I beg to move,
That leave be given to bring in a Bill to extend pensions automatic enrolment to all jobholders aged at least 18; to remove the lower qualifying earnings threshold for automatic enrolment; and for connected purposes.
As the Prime Minister said today at Prime Minister’s questions, what we have seen over the past few years—worked on since our time in opposition and introduced under the coalition Government—is a huge increase in pensions take-up among the British population. Now, 10 million more people are saving for their pensions than did before: an increase from 46.5% of the population saving in 2012 to 77.6% in 2020. By any stretch, that is a massive increase and a huge boon to people in our country who are saving for the long term.
Bringing forward the Bill is all about ambition—not mine, but the ambition of people to look after themselves, their families and their communities. I know many red wall MPs such as myself and my hon. Friend the Member for Sedgefield (Paul Howell) think about that. People are ambitious not just for themselves, but for the towns and villages they live in. In my patch, from Consett to Crook, Burnhope to Langley Park, they are ambitious for themselves, for their towns and villages and for those who live in them, their friends and neighbours.

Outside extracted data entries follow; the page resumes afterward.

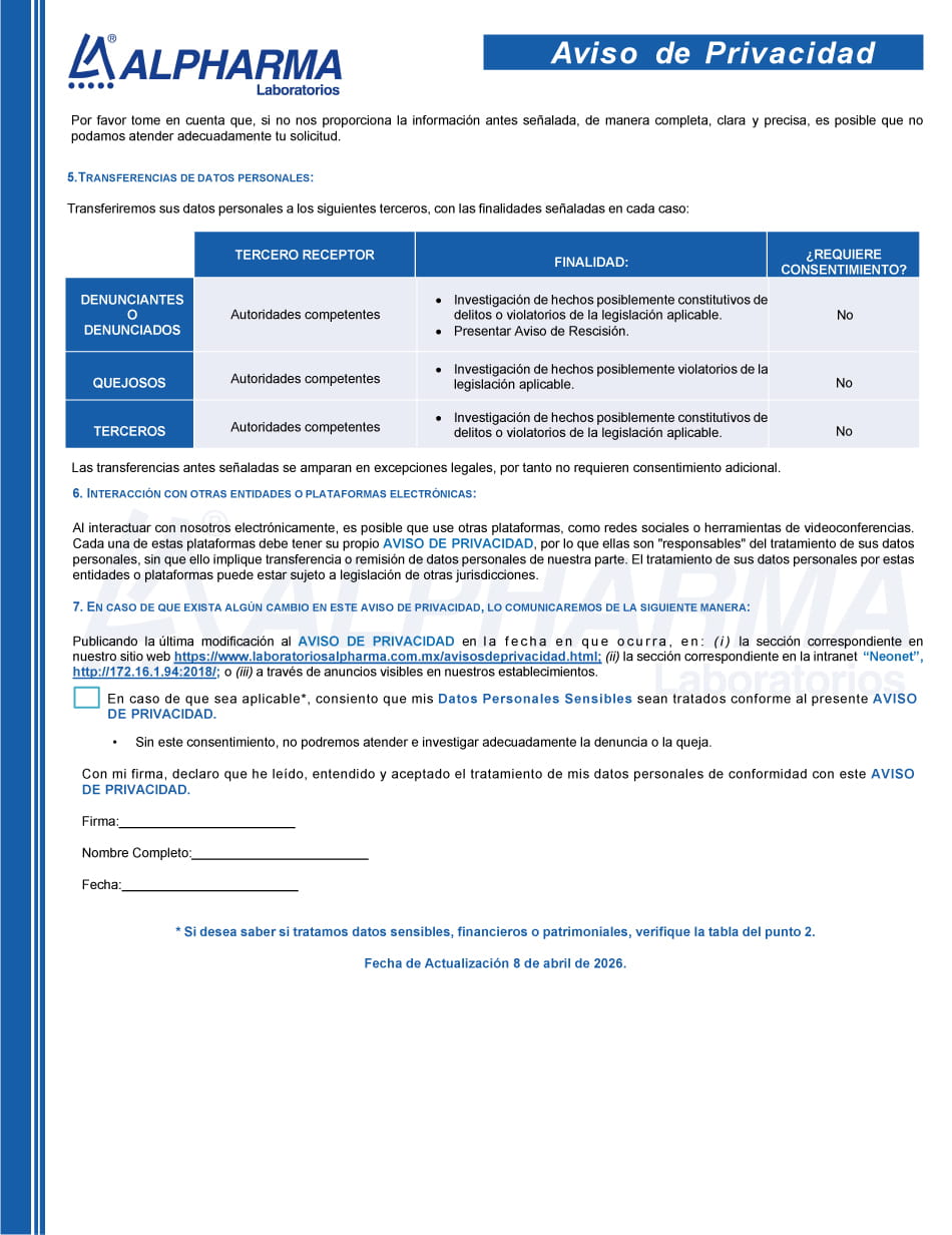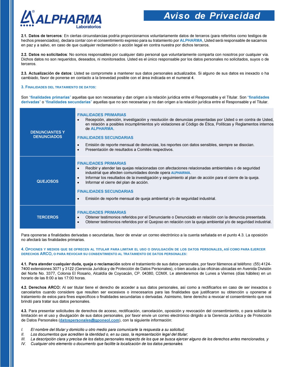 - 3. Si usted es nuestro proveedor de servicios o productos, para conocer el Aviso de Privacidad dé clic aquí.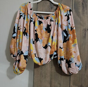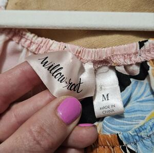 Willow and Root from buckle off shoulder floral sheer top. Side medium
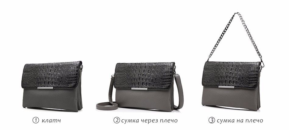 Женская мягкая сумка из искусственной кожи, застегивается на молнию и крышку-клапан на магните, имеет цепочку (21 см) и ремешок (до 66 см) в комплекте. Размеры: длина - 27 см, ширина - 6 см, высота - 20 см. Производство - Китай.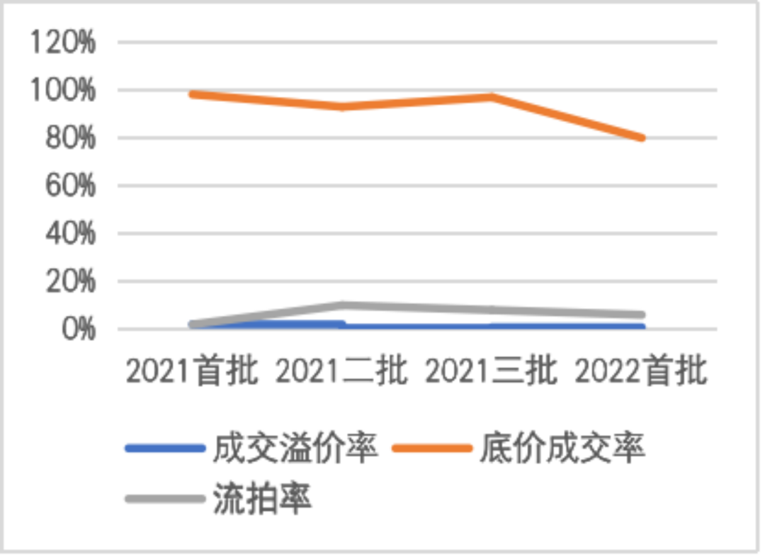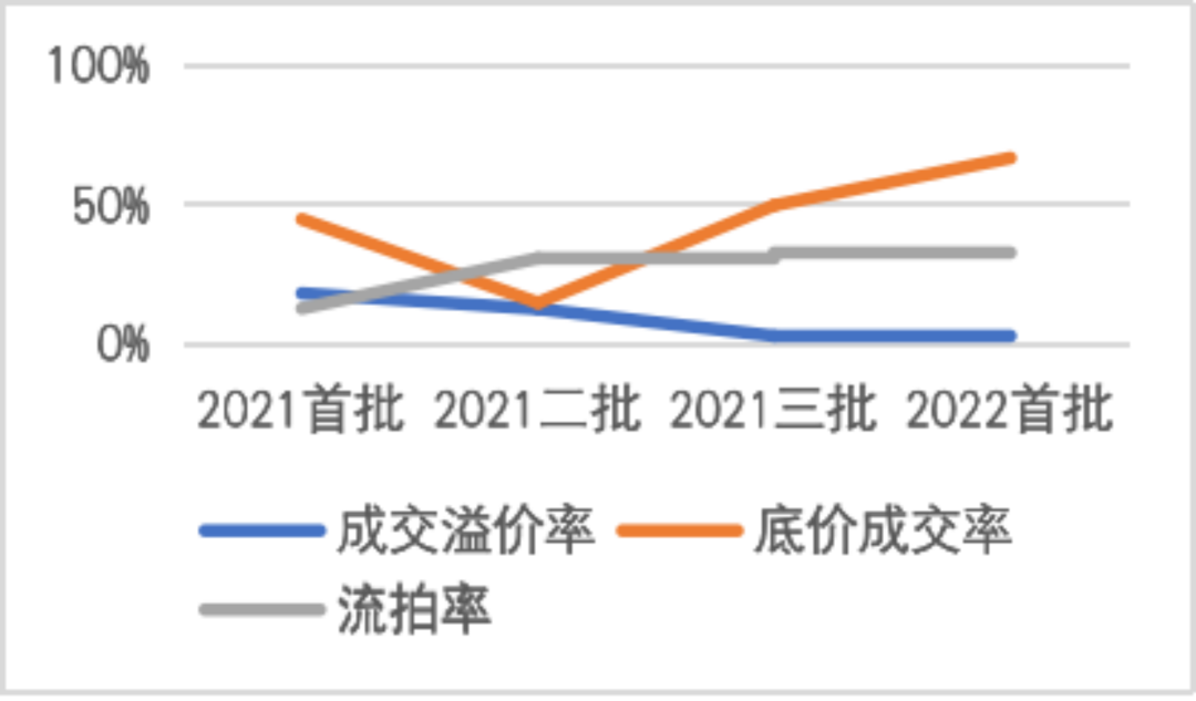 圖2-3:2021-2022合各輪供地成交面積、成交率、底價成交率、流拍率等

Many of those people are excluded from auto-enrolment purely because they do not earn enough money to be enrolled.
The other reason I mention ambition is that this measure is the Government’s stated aim. They have an ambition to start to extend auto-enrolment by the mid-2020s, but, as everybody who has ever seen some of those great comedy programmes will know, and I remember Malcolm Tucker saying it:
“‘Should’ does not mean ‘yes’.”
I really want the Government to say yes to this proposal. People need to know that it is going to happen. Business needs to be able to plan for it. Our country needs to feel long-term levelling up in action, and one of the best ways we can do that is to give people certainty that this is coming down the track and that their pensions will be there for them, providing for them.
I am grateful to Onward for its help in the past few months, working with me on the report it has published today on some of the specifics that the Bill will provide. The key is the extra £2.77 trillion that would be invested in our pensions for the lower-paid and younger workers who the Bill seeks to address. That money would be saved by people in part-time work or aged 18 to 22 who do not qualify for auto-enrolment.
I will give the House a couple of statistics to highlight why that is so important. At the moment, three quarters of those aged 22-plus are auto-enrolled into pension schemes, but under the age of 22 it is only 20%—and that is 20% of people in work, not students. That is a big difference, and the difference that auto-enrolment has made since 2012. For part-time workers, while some will earn more than the £10,000 threshold, auto-enrolment is 57.8% compared with almost 90% of workers in full-time jobs. If we assume a similar take-up, the Bill could see an extra 30% of the part-time workforce auto-enrolled: millions of people, mostly women, and much more likely to be from ethnic minority communities, to be socially disadvantaged or to have other burdens on their time, maybe as carers. Those are the people the Bill seeks to address and make a difference for.